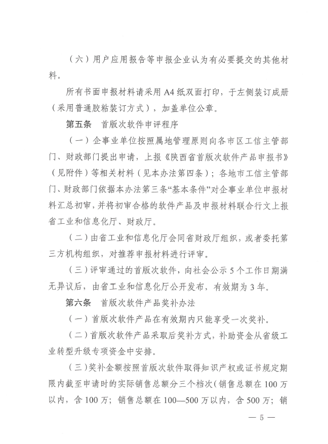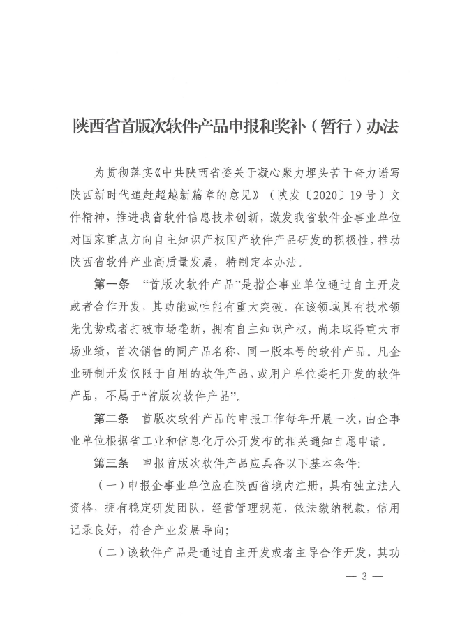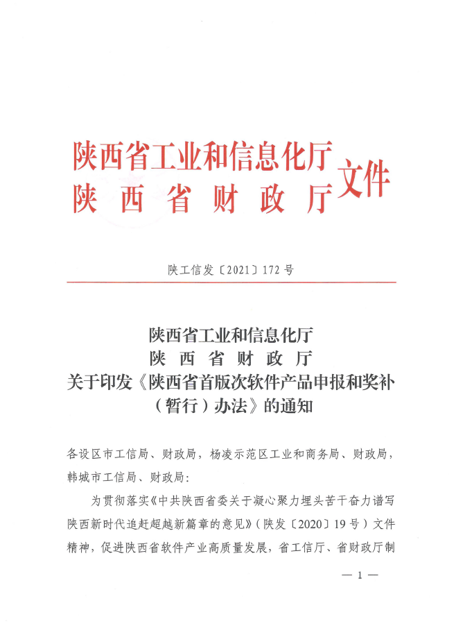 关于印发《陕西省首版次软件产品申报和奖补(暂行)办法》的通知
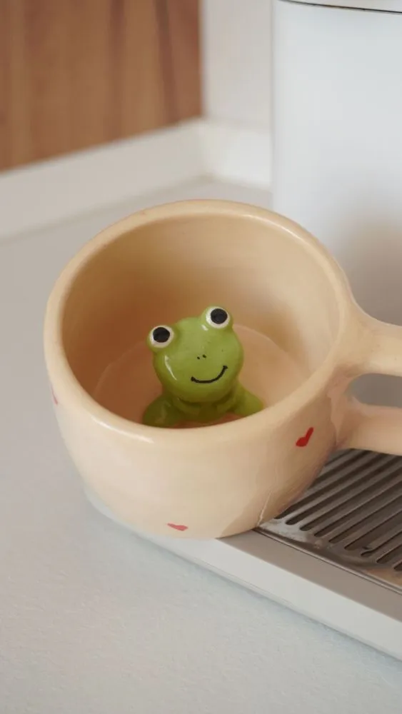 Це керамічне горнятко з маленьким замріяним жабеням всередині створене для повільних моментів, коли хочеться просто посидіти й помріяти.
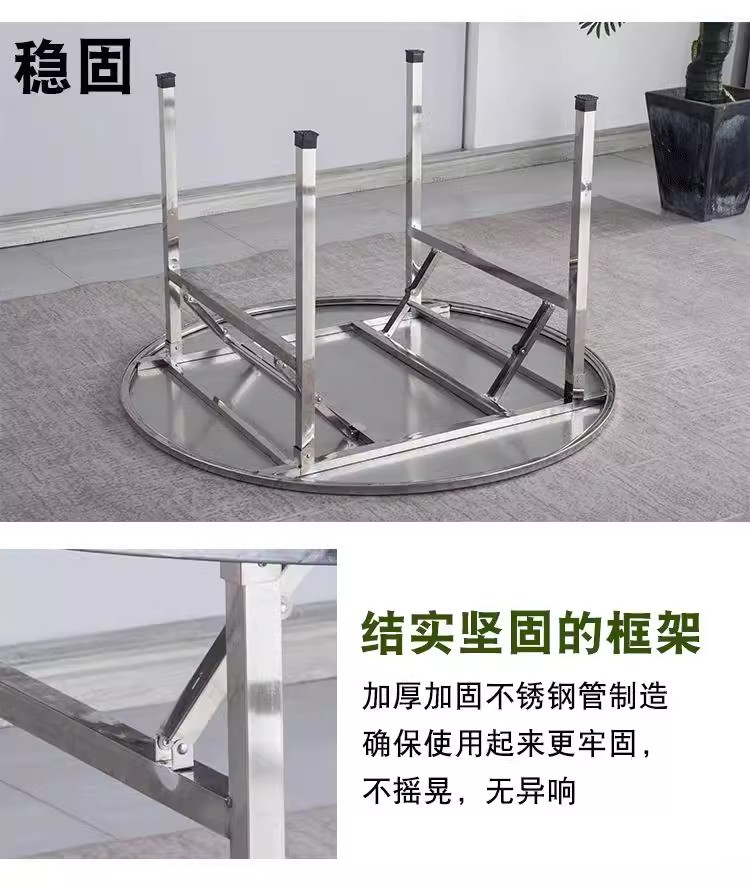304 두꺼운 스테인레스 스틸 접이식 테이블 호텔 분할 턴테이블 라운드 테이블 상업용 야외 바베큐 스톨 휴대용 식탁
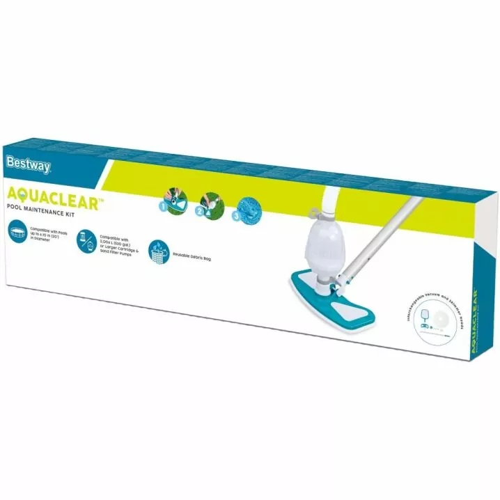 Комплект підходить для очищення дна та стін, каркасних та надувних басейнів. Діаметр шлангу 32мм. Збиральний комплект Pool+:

## What to produce
For this exercise, output only the lines from the one bearing "Це керамічне горнятко" to the end of the material above, exactly as written, with pictures left out.

## Answer to the exercise
 Це керамічне горнятко з маленьким замріяним жабеням всередині створене для повільних моментів, коли хочеться просто посидіти й помріяти.
304 두꺼운 스테인레스 스틸 접이식 테이블 호텔 분할 턴테이블 라운드 테이블 상업용 야외 바베큐 스톨 휴대용 식탁
 Комплект підходить для очищення дна та стін, каркасних та надувних басейнів. Діаметр шлангу 32мм. Збиральний комплект Pool+:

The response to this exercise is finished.